# Training Deep Neural Networks

In chapter 10, we introduced ANN's and trained our first deep neural networks, but they were shallow in nature with only a few hidden layers. What if we tackle a much more complex problem, such as detecting hundreds of different types of objects in high-resolution images? You may need to train a much deeper neural network - perhaps with 10 or more hidden layers. But training networks that deep present their own challenges:

* You may be faced with the _vanishing grandients_ problem or the related _exploding gradients problem_, which is when the gradients during backpropogation become smaller and smaller or larger and larger, making the lower layers very hard to train
* You might not have enough training data for such a large network, or it might be too costly to label.
* Training might be too slow.
* A model with millions of parameters would severely risk overfitting the training set, especially if there are not enough training instances or if they are too noisy.

## The Vanishing / Exploding Gradients Problem

As discussed in the previous chapter, backpropogation works by going from the ouput layer to the input layer, propogating the the error gradients along the way. Once the algorithm has computed the gradient of the cost function with regard to each parameter in the network, it uses these gradients to update each parameter with a Gradient Descent step.

Unfortuantely, gradients often get smaller and smaller as the algorithm progress down to the lower layers, and as a result, the GD update leaves the lower layers weights virtually unchanged, which is why it's called the `Vanishing Gradients Problem`.

In some cases, the opposite can happen - the gradients can grow bigger and bigger until layers get insanely large weight updates and the algorithm diverges, which is called the `Exploding Gradients Problem`. The `Exploding Gradients Problem` is more common in recurrent neural networks.

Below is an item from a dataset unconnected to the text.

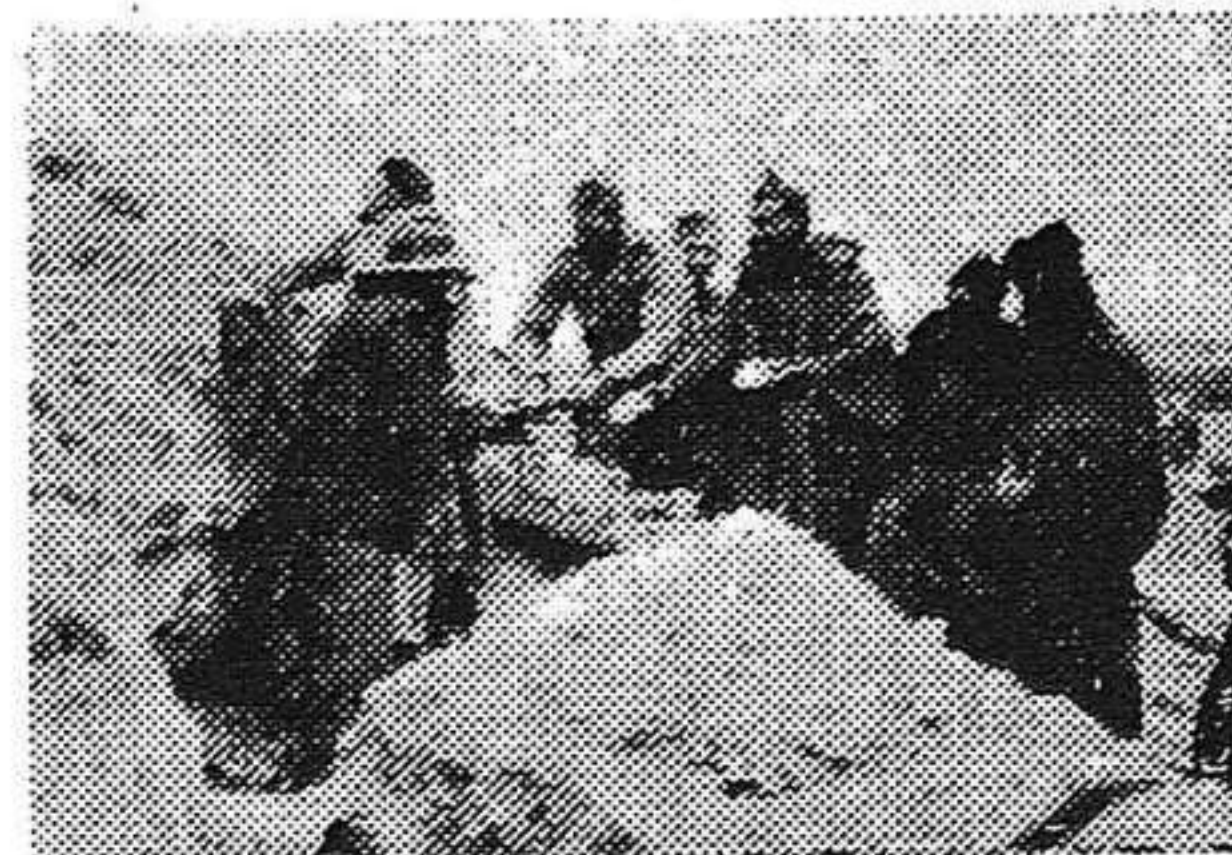
Escenas del frente

Dijo el coronel que quería expresar su gratitud al pueblo de Barbastro, a los milicianos catalanes que con él han compartido los días amargos de lucha contra el fascismo. “Recibid mi gratitud, que es grande hacia vosotros en los momentos trágicos de la lucha, en los momentos en que supisteis escuchar mi voz alentadora para acudir a los puestos de peligro. Un recuerdo a los camaradas caídos en la lucha. Y la esperanza de que este sublime ejemplo dado por ellos sea el aliento más fuerte para vuestros pechos, libres hoy día y libres en el porvenir del fascismo. Mi gratitud al pueblo ruso, que nos ha ayudado moralmente para contribuir a la derrota del fascismo. Mi gratitud a todos vosotros, y tened la seguridad de que el camarada Villalba será el primero en caer al frente de vosotros antes de que el fascismo pise las raras de Aragón.”

More generally, deep neural networks suffer from unstable gradients - different layers may learn at widely different speeds.

## Glorot and He Initialization

`Glorot initialization` (also known as Xavier initialization) and `He initialization` are techniques for initializing the weights of a neural network, and are designed to address the `The Vanishing / Exploding Gradients Problem` of training deep neural networks by providing a better starting point for the optimization process.

`Glorot initialization` is recommended for tanh- and sigmoid-based activations functions (e.g None, tanh, logistic, softmax) and `He initialization` is recommended for ReLU-based activation functions.

By default keras uses Glorot initialization with a uniform distribution. When creating a layer, you can change to He initialization by setting `kernal_initializer="he_uniform"` or `kernal_initializer="he_normal"`:

In [1]:
import tensorflow as tf
import keras 

print(f"Tensorflow: {tf.__version__}")
print(f"keras: {keras.__version__}")

Tensorflow: 2.13.0
keras: 2.13.1


In [3]:
keras.layers.Dense(10, activation="relu", kernel_initializer="he_normal")

<keras.src.layers.core.dense.Dense at 0x162d26980>

## Nonsaturating Activation Functions

One of the key insights in the 2010 paper by Glorot and Benigio was that the problems with unstable graidents were in part due to a poor choice of activation functions. But it turns out that the ReLU activation function performs much better in DNN's, mostly because it does not saturate for positive values and because it is fast to compute.

Howeverm the ReLU activation function is not perfect - it suffers from a problem known as the dying ReLU's: during training, some neurons effectively "die", meaning they stop outputting anything other than 0. A neuron dies when it's weights get tweaked in such a way that the weighted sum of it's inputs are negative for all instances in the training set. Once a ReLU neuron is in this state, it stops learning and does not contribute to the gradients during backpropagation.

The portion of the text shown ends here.